Here is the webpage, and my explanation follows...
http://joeduffyblog.com/2009/02/20/a-more-scalable-readerwriter-lock-and-a-bit-less-harsh-consideration-of-the-idea/
So look inside the EnterWriteLock() of the reader/writer above,
you will notice that it is first executing Interlocked.Exchange(ref
m_writer, 1), that means it is atomicaly making m_writer equal 1,
so that to block readers from entering the reader section,
but this is garbage, cause look after that he is doing this:
for (int i = 0; i < m_readers.Length; i++)
while (m_readers[i].m_taken != 0) sw.SpinOnce();
So after making m_writers equal 1 so that to block the readers,
he is transfering many cache-lines between cores, and this is really
expensive and it will make the serial part of the Amdahl's law bigger
and bigger when more and more cores will be used , so this will not
scale, so it is garbage.
The Dmitry Vyukov distributed reader-writer mutex doesn't have this
weakness, because look at the source code here:
http://www.1024cores.net/home/lock-free-algorithms/reader-writer-problem/distributed-reader-writer-mutex
Because he is doing this on the distr_rw_mutex_wrlock() side:
for (i = 0; i != mtx->proc_count; i += 1)
pthread_rwlock_wrlock(&mtx->cell[i].mtx);
So we have to be smart here and notice with me that as the "i" counter
variable goes from 0 to proc_count, the reader side will still be
allowed to enter and to enter again the reader section on scenarios with
more contention, so in contrast with the above reader-writer lock, this
part of the distributed lock is not counted as only a serial part of the
Amdahl's law, because it allows also the reader threads to enter
and to enter again the reader section, so this part contains a parallel
part of the Amdahl's law, and this makes this distributed reader-writer
lock to effectively scale.
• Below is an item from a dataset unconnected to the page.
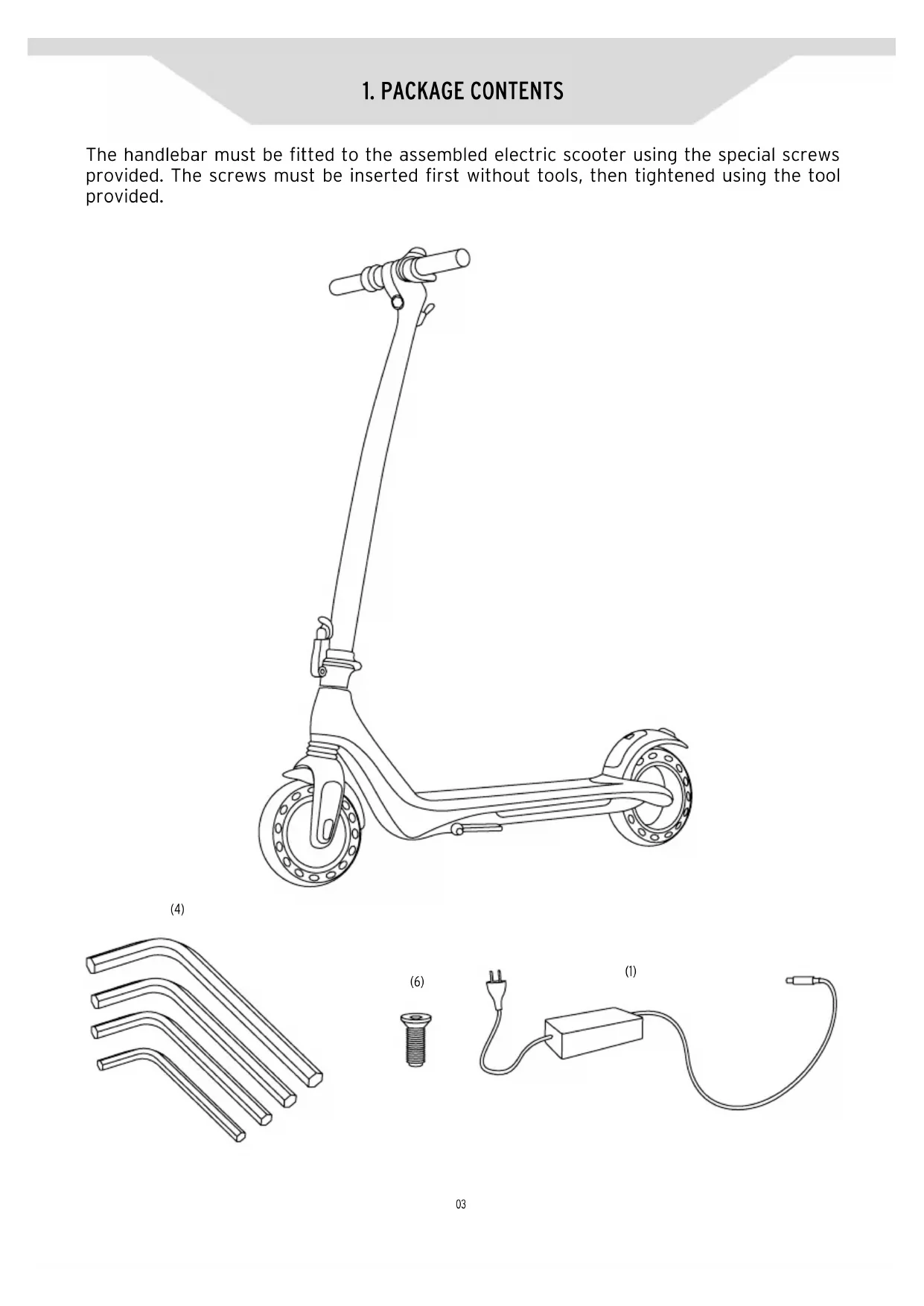 The handlebar must be fitted to the assembled electric scooter using the special screws provided. The screws must be inserted first without tools, then tightened using the tool provided. (4) (6) (1)04

That's even better with my Distributed
sequential lock , because it scales even better than the distributed
reader-writer mutex of Dmitry Vyukov.
Hope you have understood my architect way of thinking.
Thank you for your time.
Amine Moulay Ramdane.
We have to be more precise in computer science...
To be more sure i have just benchmarked a cache-line
transfer between cores and you will not believe it !
it is so expensive on x86 ! cause it takes around
800 CPU cycles , so i think i have correctly reasoned
when i have said that the following reader-writer lock
(of Joe Duffy an architect at Microsoft) is a garbage.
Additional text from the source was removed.